The first antenna mounting bracket 31 and the second antenna mounting bracket 32 have base plates 51 mounted on both sides in the same manner as in the first embodiment, and the antenna portions 22a and 22b are mounted on the base plate 51. Is done.
The first antenna mounting bracket 31 is provided with a two distributor 42 on the front side. In the two distributors 42, one ends of rigid cables 45a and 45b are fixed to the upper both sides on the front side of the substrate 44 by rigid cable holding fittings 46a and 46b. The rigid cables 45 a and 45 b are soldered to the distribution terminals of the two distribution lines 49 formed on the substrate 44 at the end portions of the center conductor. The other ends of the rigid cables 45 a and 45 b are fixed to the antenna mounting base plate 51, and the tip of the central conductor is soldered to the feeding point of the patch antenna 54.

  On the back side of the substrate 44 of the 2-distributor 42, a feeding coaxial cable 27 is attached by a connector 78, and the central conductor thereof is soldered to the feeding point of the two distribution lines 49 through a through hole.

  A bottom plate 73 shown in FIG. 12 is fixed to the lower side of the first antenna mounting bracket 31 and the second antenna mounting bracket 32 with a nut using a fixing bolt 84 as will be described later.
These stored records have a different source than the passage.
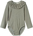 The Filibabba swimsuit has long sleeves and a round throat with a nice edge. It opens with a zipper down the chest, and the zipper has an inner placket and chin guard. In the leg openings, the swimsuit has narrow elastic edges and cute ruffles.
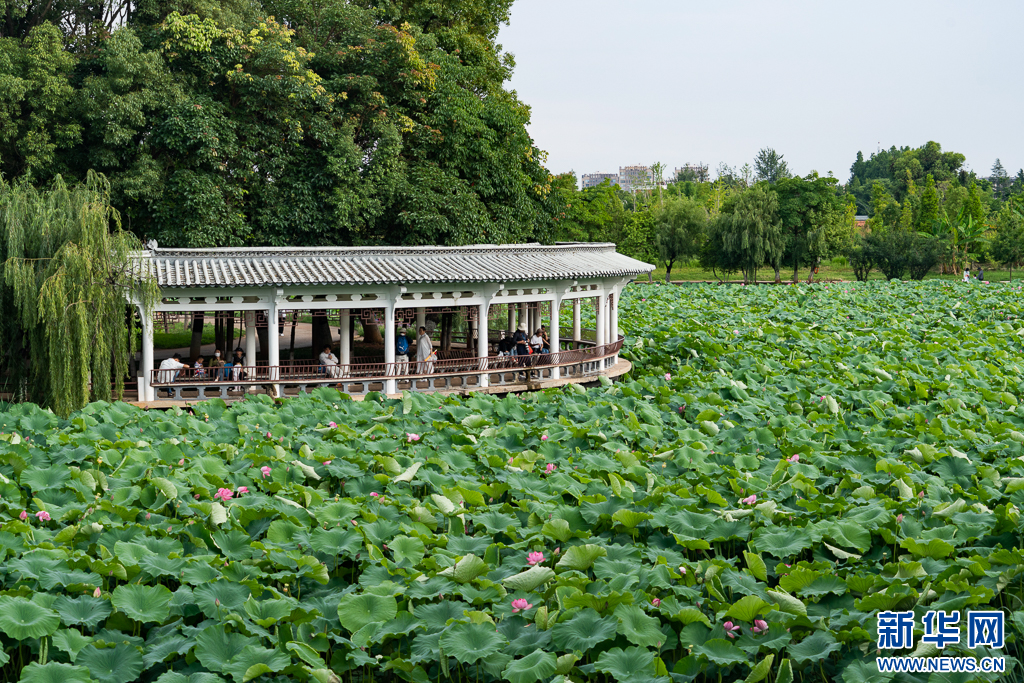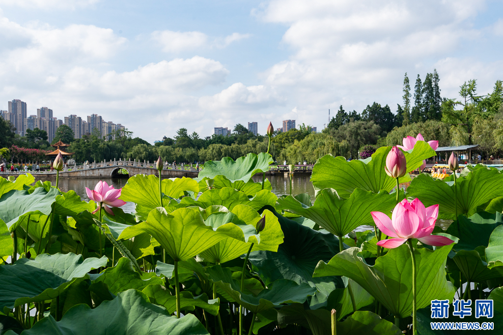 大觀公園內盛開的荷花(6月15日攝)。新華網發(鄭益 攝)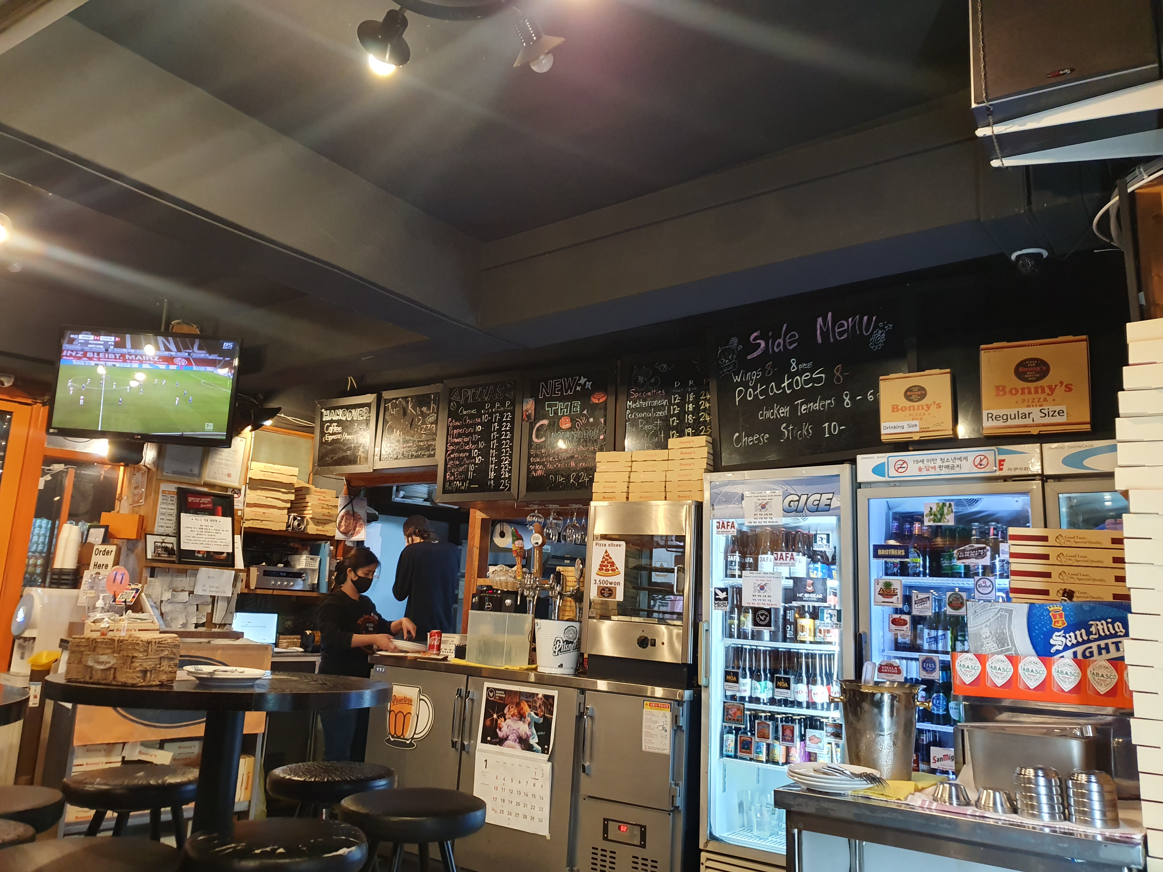 보니스피자펍의 직원분들은 외국인 입니다.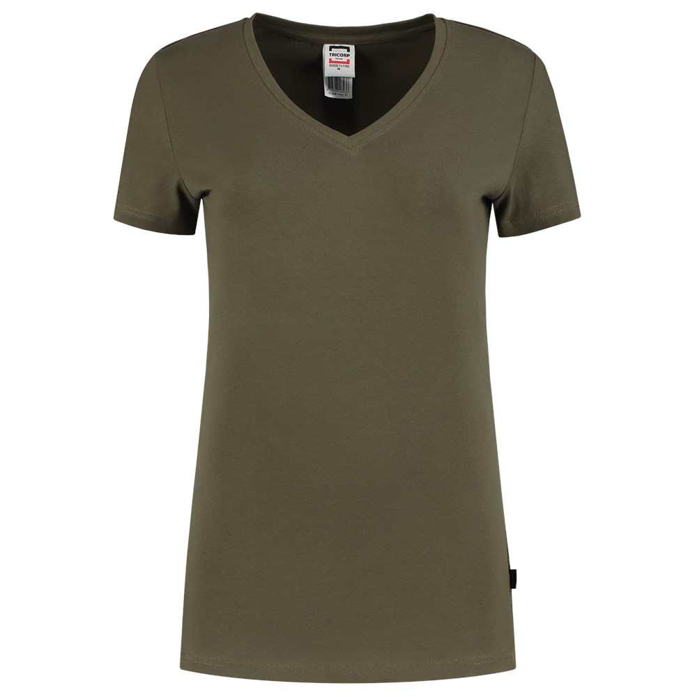 Tricorp dames t-shirt 101008 slim fit v-hals 101008 army (groen) 5XL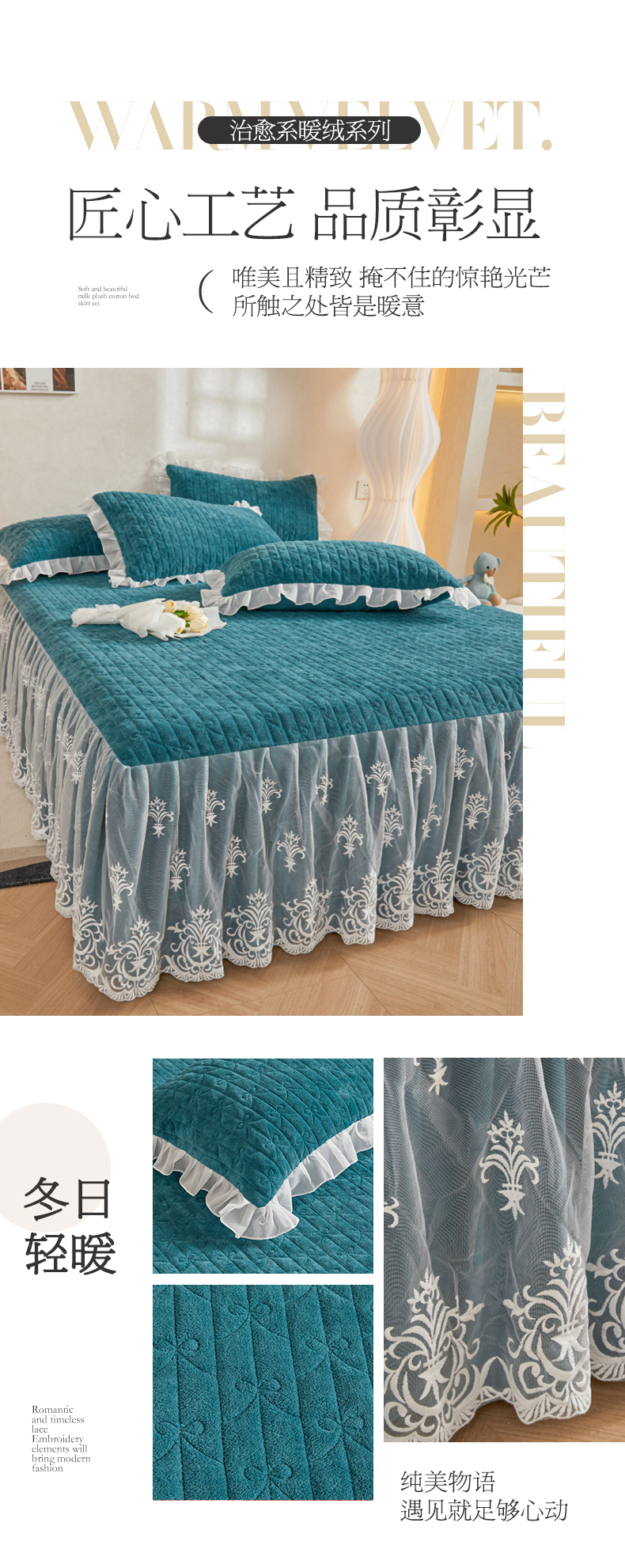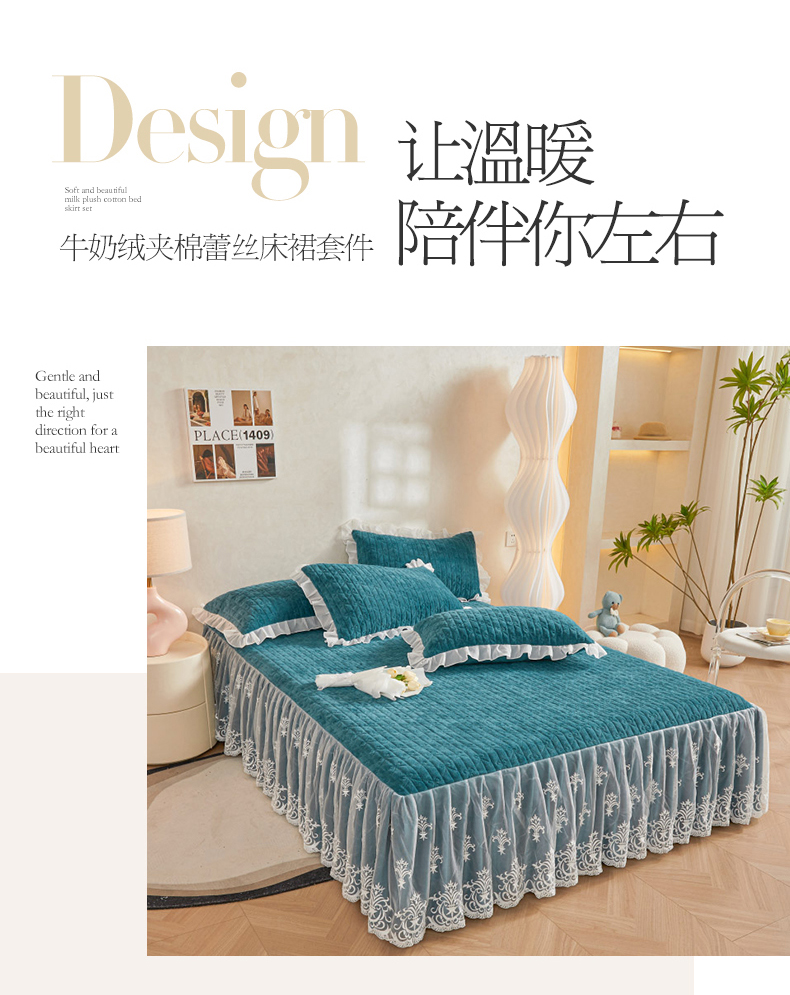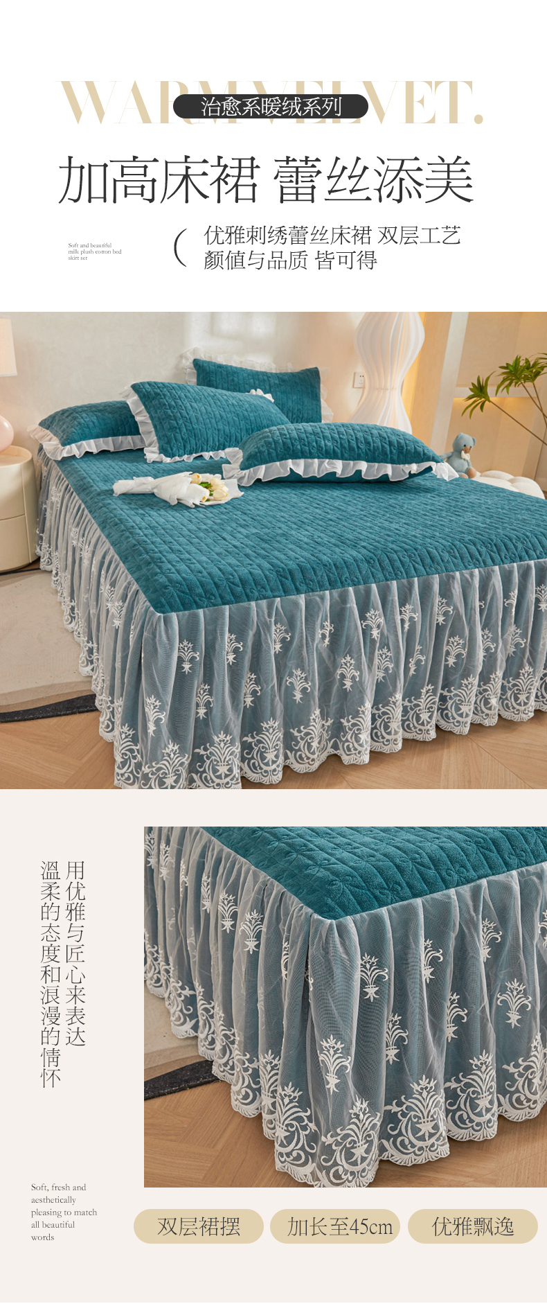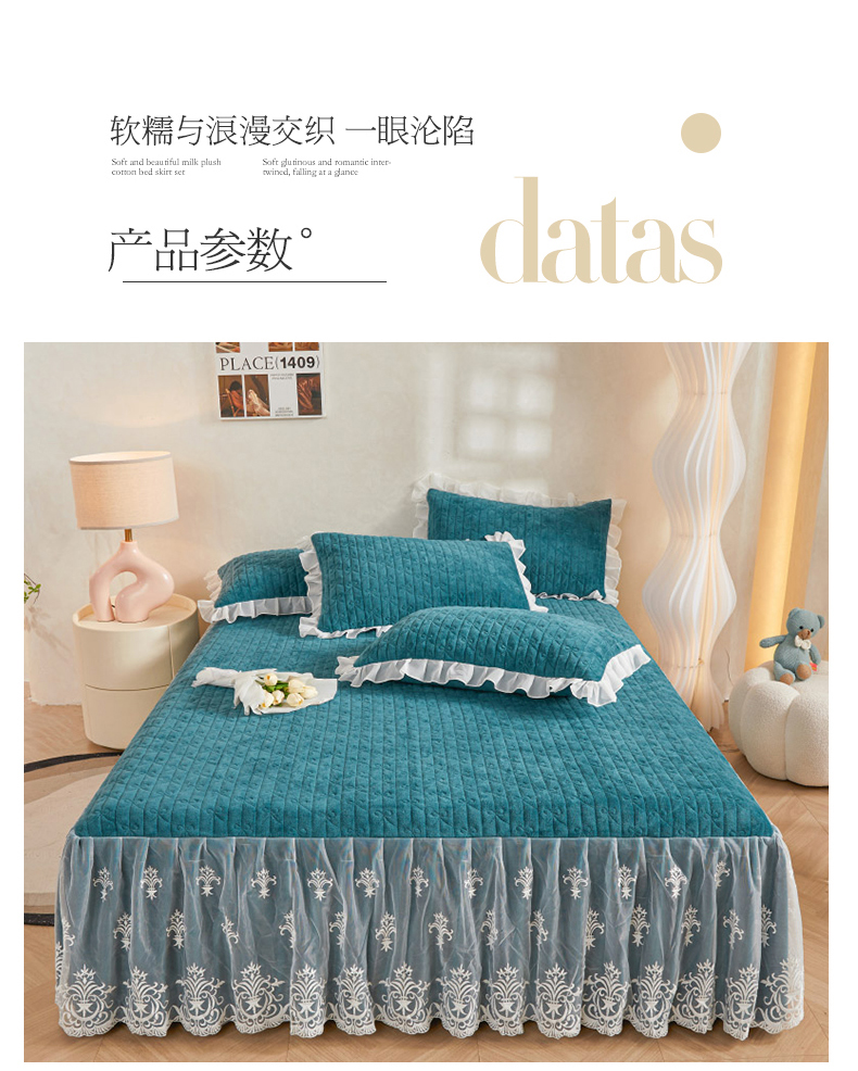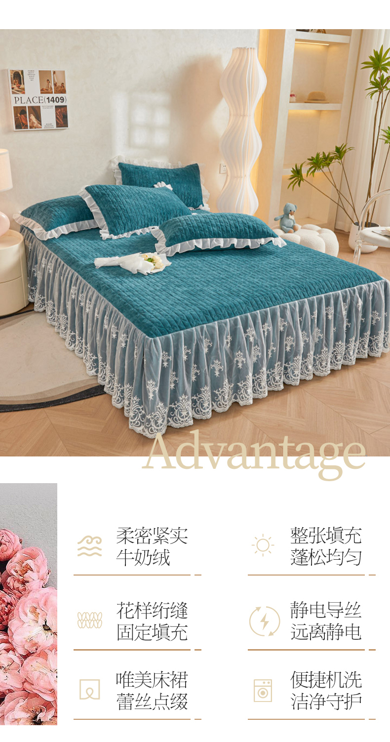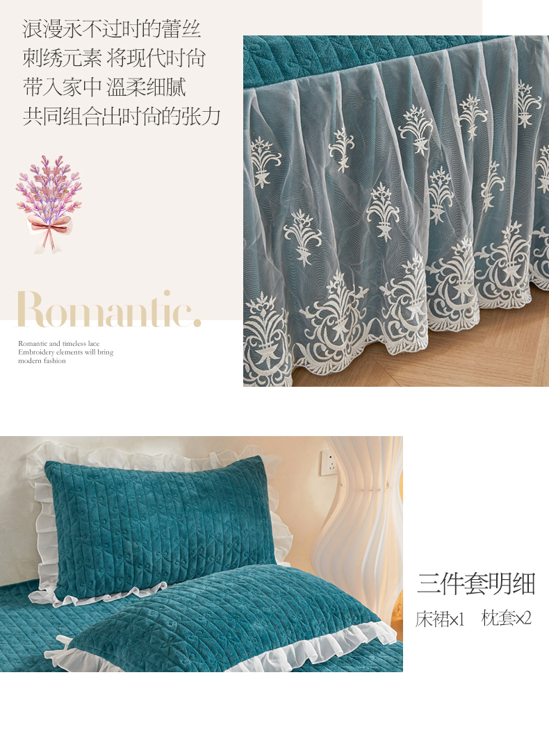 虹星家纺 2023新款牛奶绒夹棉床裙套件清新系列-床裙款单床裙 清新-孔雀兰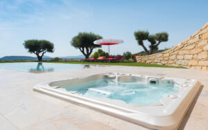 Se baigner toute l’année ou presque, dans une eau à bonne température dès le lever du jour, voilà le souhait émis par le propriétaire de cette piscine. Pour le satisfaire, le piscinier a prescrit un chauffage au gaz avec échangeur vers la chaudière et un hivernage actif trois à quatre mois dans l’année.
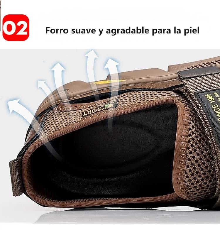 - Material: cuero genuino y malla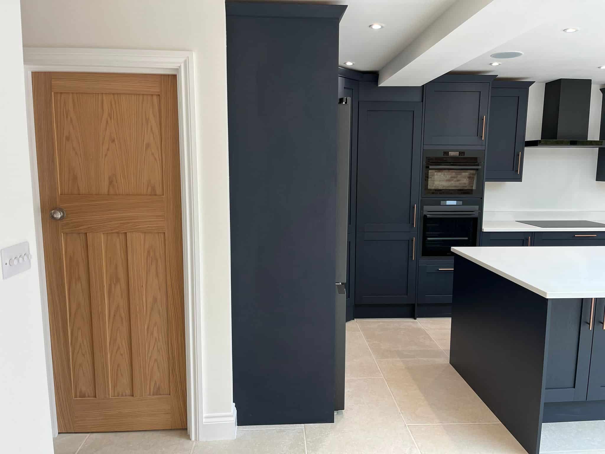 Surrey Developments constructed a wrap-around rear extension with a bespoke specification to meet the client’s exact requirements. The extension includes an open-plan kitchen, utility room, WC, boot room, and a dedicated office. Outside, a raised porcelain patio and brick planter were added to complement the new interior space and extend living into the garden.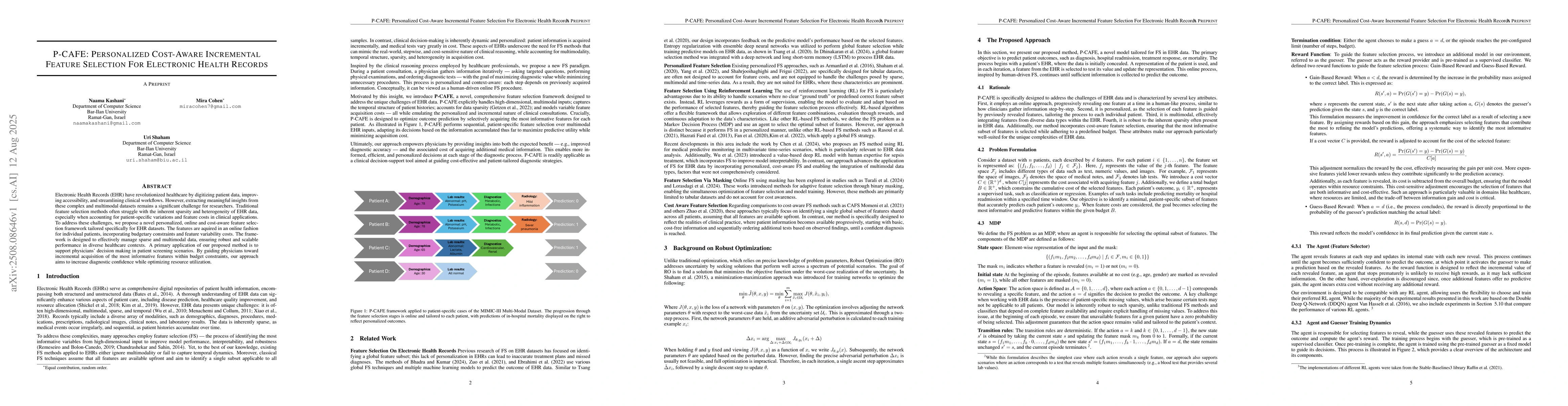 Electronic Health Records (EHR) have revolutionized healthcare by digitizing patient data, improving accessibility, and streamlining clinical workflows. However, extracting meaningful insights from these complex and multimodal datasets remains a significant challenge for researchers. Traditional feature selection methods often struggle with the inherent sparsity and heterogeneity of EHR data, especially when accounting for patient-specific variations and feature costs in clinical applications. To address these challenges, we propose a novel personalized, online and cost-aware feature selection framework tailored specifically for EHR datasets. The features are aquired in an online fashion for individual patients, incorporating budgetary constraints and feature variability costs. The framework is designed to effectively manage sparse and multimodal data, ensuring robust and scalable performance in diverse healthcare contexts. A primary application of our proposed method is to support physicians' decision making in patient screening scenarios. By guiding physicians toward incremental acquisition of the most informative features within budget constraints, our approach aims to increase diagnostic confidence while optimizing resource utilization.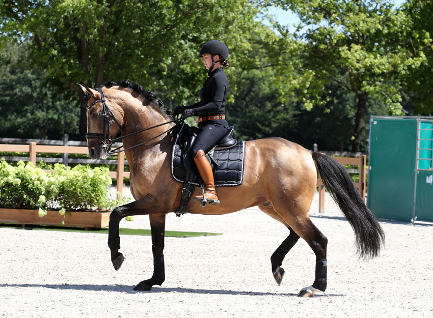 Both Bert and Jean have experienced an Iberian horse needs a little more time to mature compared to the average warmblood horse and in the beginning phase it takes them longer to develop strength. Jean: “They always offer you so much, but I have occasionally thought of these young horses: ‘they’re not that special’. To then, a few years later, see them again and be completely surprised to see a totally different horse.” Bert adds: “Especially developing suspension in the trot demands the attention. It is difficult to change the walk and canter, but the suspension in trot is something that can be worked on. It is important to ride them low and deep, to maintain that length in the body and length in the strides. In that respect, I believe there is very little difference in training an Iberian horse or a warmblood. Under saddle, this Nachtwacht is a more elegant horse than in hand. He possesses a correct walk and good canter, in which he needs no velocity.” Jean: “Plus, he acts as if he’s here every day. That’s a quality trait, too!”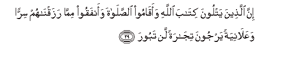 29. Inna allatheena yatloona kitaba Allahi waaqamoo alssalata waanfaqoo mimma razaqnahum sirran waAAalaniyatan yarjoona tijaratan lan taboora

FIG. 12 shows a detailed configuration of the bottom plate 73, where (a) is a top view, (b) is a top side view, (c) is a bottom side view, and (d) is a right side view. The bottom plate 73 includes a bottom plate main body portion 81 made of a rectangular metal plate and bent portions 81a to 81d obtained by bending the upper and lower and left and right predetermined widths in the back direction. The upper and lower bent portions 81a and 81b are provided with a plurality of screw holes 82 for fixing the attachment portion cover 23a. For example, two screw holes 82 are provided in the upper bent portion 81a, and four screw holes 82 are provided in the lower bent portion 81b.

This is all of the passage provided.